`CUDA invalid configuration` if no Gaussian is in view
A CUDA invalid configuration exception will be thrown from kernel launches that perform per-point processing if the number of points is 0, which can happen if no Gaussian is in the view.
This is caused by kernel launches with 0 blocks, e.g. in the example below, blocks evaluates to 0 if num_pts is 0.
https://github.com/nerfstudio-project/gsplat/blob/7822c32cdc00caf1a1f0ad8543bcf9c1233deb5e/gsplat/cuda/csrc/bindings.cu#L50-L52
I would suggest checking num_pts before the kernel launch, i.e.,
if (num_pts > 0) {
compute_cov2d_bounds_kernel<<<(num_pts + N_THREADS - 1) / N_THREADS, N_THREADS>>>(
num_pts,
covs2d.contiguous().data_ptr<float>(),
conics.contiguous().data_ptr<float>(),
radii.contiguous().data_ptr<float>()
);
}
I'm happy to submit a PR and please let me know if there are better alternatives.

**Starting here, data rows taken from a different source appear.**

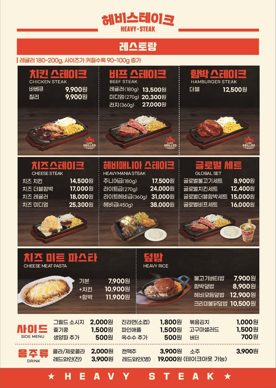 헤비스테이크는 직화 비프 스테이크를 중심으로 치킨 스테이크, 함박, 파스타, 덮밥류까지 구성된 메뉴판을 갖추고 있어요. 브랜드 기준 가격대는 치킨 스테이크류가 9,900원대, 비프 스테이크 레귤러가 13,500원, 미디엄·라지로 갈수록 2만 원대 초중반까지 올라가는 구조입니다.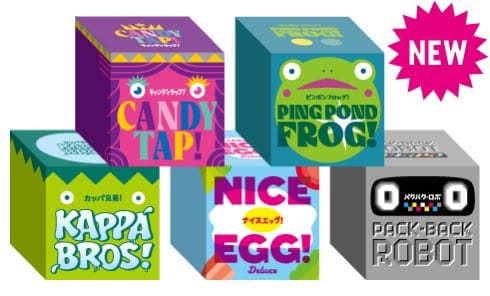 ▪️ Japanese publisher itten released the tiny cubic games Kappa Bros! and Nice Egg! in 2019, and at Game Market in May 2026 it's adding three more titles to the line: Ping Pond Frog!, Candy Tap!, and the surprisingly non-exclamatory Pack-Back Robot. So far only this single image has been revealed.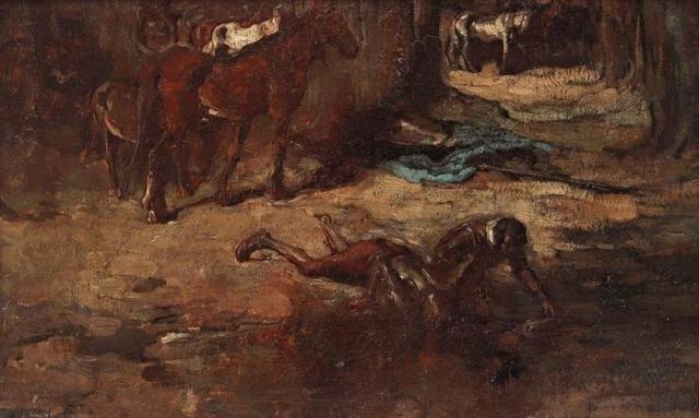 Olieverf op papier, geplakt op paneel, gesigneerd r.o.

That would be great, thanks! if there are no gaussians in view it seems reasonable to just return a torch.full() with dimensions HxWxC with the background color.

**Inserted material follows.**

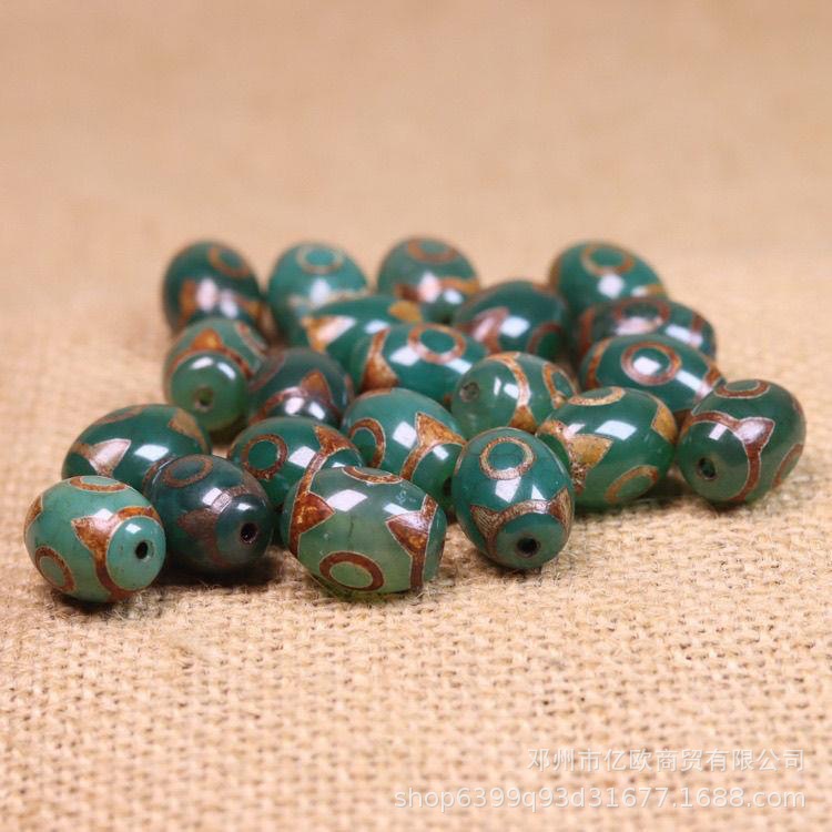 藏式绿玛瑙三眼天珠桶珠顶腰珠隔珠饰品配件文玩串珠diy手串批发

As a related issue, access to tile_bins in the kernel below sometimes also throws OOM at the line:
https://github.com/nerfstudio-project/gsplat/blob/bae873819fe2d50b4bf097117842d15f17d3a572/gsplat/cuda/csrc/forward.cu#L286
The reason is that the size of tile_bins returned by get_tile_bin_edges_tensor is set to the number of intersections instead of the actual number of tiles, which might be very low or even 0:
https://github.com/nerfstudio-project/gsplat/blob/bae873819fe2d50b4bf097117842d15f17d3a572/gsplat/cuda/csrc/bindings.cu#L313-L319
I would propose to fix this by changing
https://github.com/nerfstudio-project/gsplat/blob/bae873819fe2d50b4bf097117842d15f17d3a572/gsplat/bin_and_sort_gaussians.py#L110
to
num_tiles = tile_bounds[0] * tile_bounds[1]
tile_bins = get_tile_bin_edges(num_tiles, isect_ids_sorted)
It might also be helpful to return the tile_bins with shape (tile_bounds[0], tile_bounds[1]) or just tile_bounds instead of (tile_bounds[0] * tile_bounds[1],).
Please let me know how you like it. Thanks!